The Yellow-and-white bungalow in Coral Gables is much like its neighbors: unpretentious, neatly kept, with an outrageously green lawn fed by the drip-drip- drip of the South Florida weather. In the backyard, a lone man works on a new pool. In a yard so small, the cool water will practically lap at the back door. Julio Gomez urges me inside, out of the heat, so he can show off his treasures — paintings his family and friends sneaked out of Cuba. I’m curious to see them. I sneaked a few of them out myself.
That was more than 15 years ago, and I always wondered what happened to Julio. But life intervened: I moved, and then I moved again, looked after two parents with critical illnesses, got married, got distracted by other people’s stories. Though I went back and forth to Cuba repeatedly in the 1990s as a correspondent for Time magazine, I never saw Julio again. I tried to justify it to myself: Everyone I know has friends they’ve left behind and lost. But Julio was one of those people you meet as a journalist who proves to be hard to forget. He was a smart guy, caught in a modern hell. I had left him behind, and my conscience was playing head games with me. In the end, he found me — through this column.
When I met Julio in 1994, he was an orthopedic surgeon at Enrique Cabrera Teaching Hospital outside Havana, the first hospital established after the Cuban revolution. The early ’90s were horrendous in Cuba. The collapse of the Soviet Union had left the island without its main trading partner. Cubans were bone-thin, surviving on rice and beans, rum and — if you can believe my fellow reporters — the meat of household pets. The Cubans have a crazy sense of humor that helps them deal with adversity (you’ve heard about the three failures of the Cuban revolution: breakfast, lunch and dinner), but things were dire. At Julio’s hospital, supplies were in such short supply, he could perform surgery only for emergencies. He didn’t even have cotton bandages to put under children’s plaster casts. People were smuggling medicine into the country to treat loved ones. Aspirin was rationed to 20 pills a year per person.
Julio invited me to his mother’s home with one goal in mind: to get his family art collection out of the country to a brother in Miami. Most houses in Havana, at that stage, had been stripped of anything of value as families sold their treasures to survive. Theirs wasn’t a fancy house outside, but I remember marveling at the French and Italian pieces inside, as well as art by some of Cuba’s most famous names: abstracts by Amelia Peláez, arguably their greatest female artist, as well as works by Enrique Caravia y Montenegro and Servando Cabrera Moreno. To find these artworks surviving amid the deprivation of Cubans’ everyday lives was stunning. That day, Julio and his mother entrusted me with one of their cherished paintings, as well as with family photos from the 1940s and ’50s. Now, as I peruse the walls of Julio’s home in Coral Gables, I marvel at his ingenuity. The walls are covered from the floor to the ceiling with these paintings and pictures, most carted out of Cuba by me and by others. In a back bedroom are the family portraits I brought over, including his mom’s wedding photo. “It’s my dream house,” Julio says as he shows me around.

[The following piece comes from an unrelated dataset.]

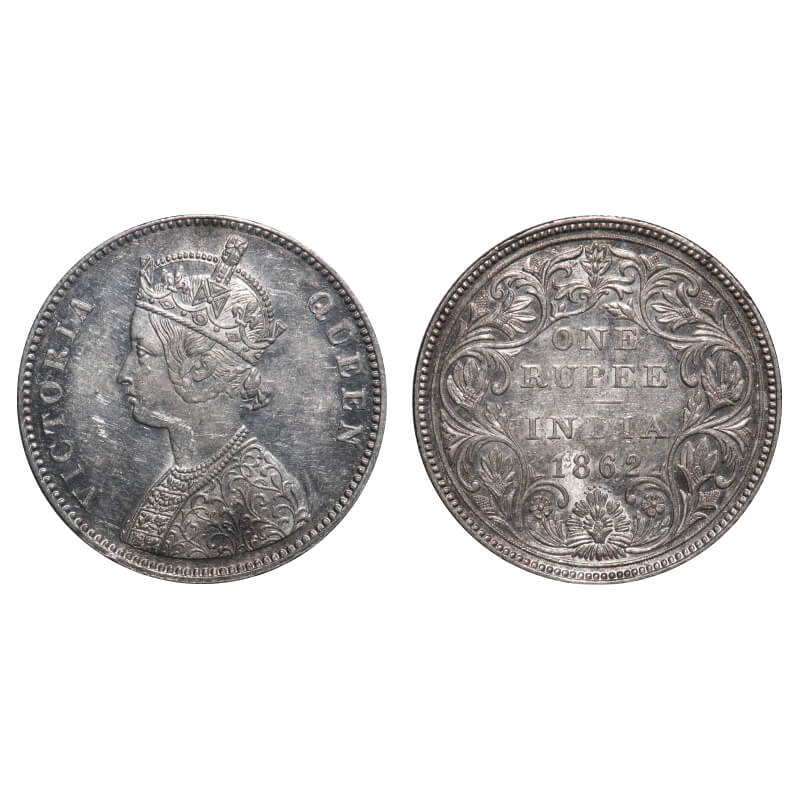 Victoria Queen, Silver, Rupee, 1862, Bombay Mint, A/II/0/6, Complete 'D' in India, w/o initial 'J'. F. Prid 86. GK 322. Almost Uncirculated with mint luster. Very Scarce.

Julio provides only glimpses of how hard his life has been. His aging father, an accountant who believed in Fidel Castro’s revolution, died on the island. (They kept hard-to-obtain gasoline in mineral bottles in their bathroom; not to take his dying father to the hospital, he says, but in case the funeral home had no gas to pick up the body.) He admits he grew dispirited at work, worn down from the lack of equipment and medicines. At one point, he realized the authorities were spying on him, reading letters that he sent out of the country.
In 1996, Julio got lucky. A visa to work in the Bahamas as a doctor came through. But the promised job fell through, and he knew the visa would be revoked. He’d have to go back to Cuba. He was jobless, broke, desperate to get his mother and his boyfriend off the island. To make money, he worked in a flower shop and even took up massage, using his highly prized surgeon’s skills to soothe rich clients who had sore backs. He gave $3,500 of his savings to a boat captain who said he would sneak him into Florida. The captain absconded with his money.
He was telling his story one day to several German boaters when, on a lark, they offered to drop him off in the Florida Keys. He was 41 when he arrived in the United States. He won political asylum. Miraculously, the Cubans sent his medical-school transcripts so that he could become a doctor in the United States. Today, you will find Dr. Julio Gomez, medical director, overseeing a facility that’s run by CAS-Florida Medical Centers in Miami’s Little Havana. Unlike his hospital in Havana, this one offers MRIs and PET scans, and it is alive with the constant chatter of elderly Cubans.
“Here, I found out that I could get a nice salary and still be helpful to the community, to the people around me,” says Julio. “That’s the spirit I had when I went to medical school — to help somebody.” He drives a BMW now. The new pool is just about finished. He saved his family’s art. He’s doing the work he loves. He is happy. That’s why he called: He wanted me to know.